The DPOP loss function:

$$
\begin{aligned}
\mathcal{L}_{\text{DPO}}(\pi_{\theta};\pi_{\text{ref}}) = -\mathbb{E}_{(x, y_{w},y_{l})\sim\mathcal{D}}\left[\log\sigma\left(\beta\log\frac{\pi_{\theta}(y_{w}|x)}{\pi_{\text{ref}}(y_{w}|x)} -  \beta\log\frac{\pi_{\theta}(y_{l}|x)}{\pi_{\text{ref}}(y_{l}|x)}\right) \\
- \lambda\max\left(0, \log\frac{\pi_{\text{ref}}(y_{w}|x)}{\pi_{\theta}(y_{w}|x)}\right)\right]
\end{aligned}
$$

where $\lambda > 0$ is a hyperparameter that can be tuned. The model can no longer minimise the loss by significantly reducing
the log-likelihood of the dispreferred examples more than it reduces the log-likelihood of the preferred
examples; it must also ensure that the log-likelihood of the preferred examples remains high relative to the
log-likelihood under the reference model.

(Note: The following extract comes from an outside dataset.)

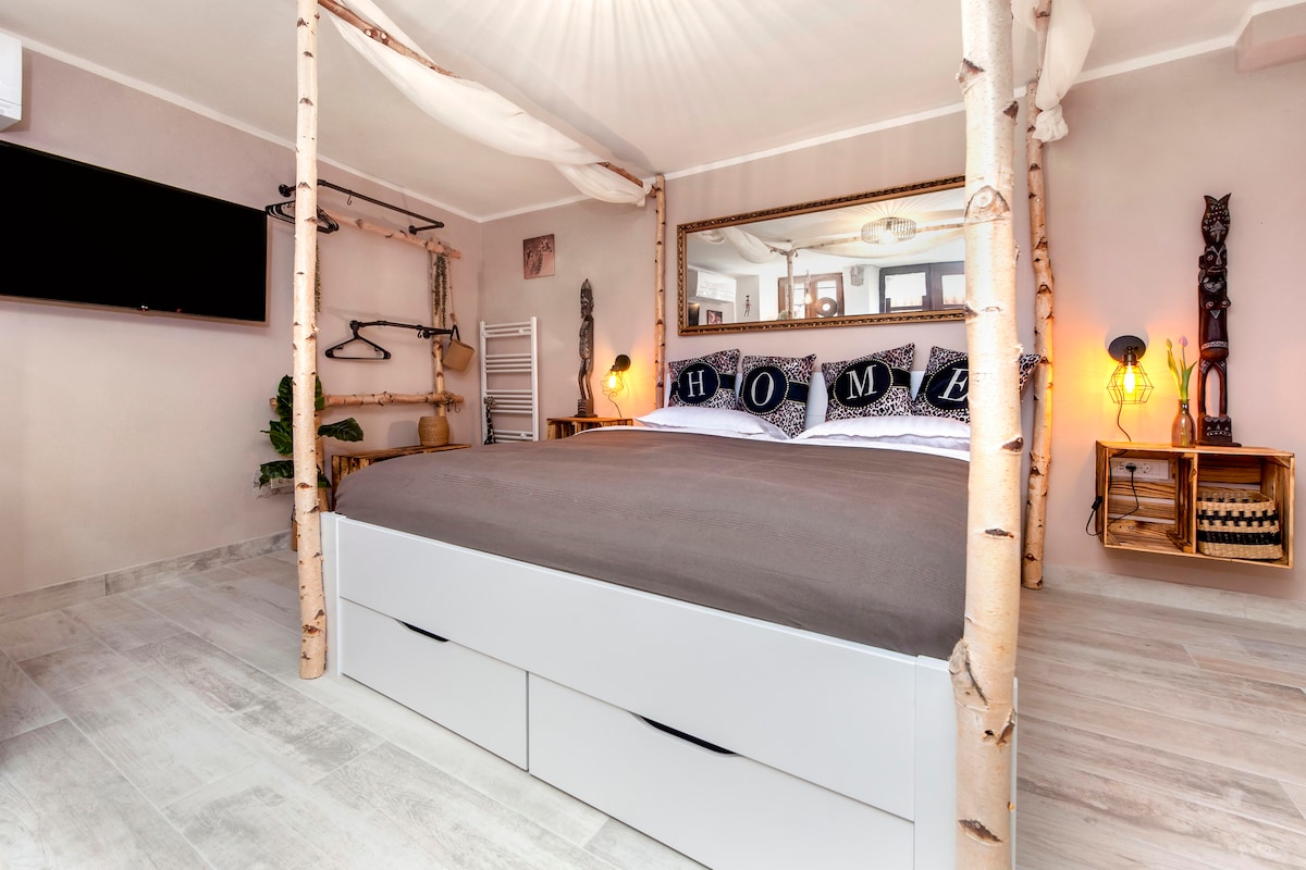 Izinkan saya menyampaikan sambutan hangat ke Studio City saya yang baru direnovasi, yang terletak di jantung Rovinj. Terletak hanya 10 menit berjalan kaki yang menyenangkan dari laut, tempat ini menawarkan teras besar yang menawarkan pemandangan indah perairan biru di bawahnya. Sangat cocok untuk menikmati sarapan atau menikmati malam yang tenang, tempat ini menjanjikan pengalaman yang tidak terlupakan. Sebagai bonus tambahan, dua sepeda tersedia gratis untuk eksplorasi Anda tentang lingkungan yang menawan. Selamat datang

For our example, if $\pi_{\text{ratio}} < 1$, the DPOP gradients become:

$$
\begin{aligned}
\nabla_{\theta_{j}}&\left[\log\pi_{\theta}(t_{k}|y_{w}^{<k},x) - \log\pi_{\theta}(t_{k}|y_{l}^{<k},x) -\lambda\cdot\log\pi_{\theta}(t_{k}|y_{w}^{<k},x)\right]\\
=&
\begin{cases}
\lambda(1 - s_{j}^{\{y_{w}^{<k},x\}}) + s_{j}^{\{y_{l}^{<k},x\}} - s_{j}^{\{y_{w}^{<k},x\}}& j=1\\
-(\lambda+1)s_{j}^{\{y_{w}^{<k},x\}} + s_{j}^{\{y_{l}^{<k},x\}}&j\ne 1\\
\end{cases}
\end{aligned}
$$

Since $s_{j}^{\{y_{w}^{<k},x\}} \le 1$, for the case $j=1$, the gradient is guaranteed
to be positive for a large enough choice of $\lambda$. Similarly, for the case $j\ne 1$, the gradient is guaranteed to be
negative for a large enough $\lambda$.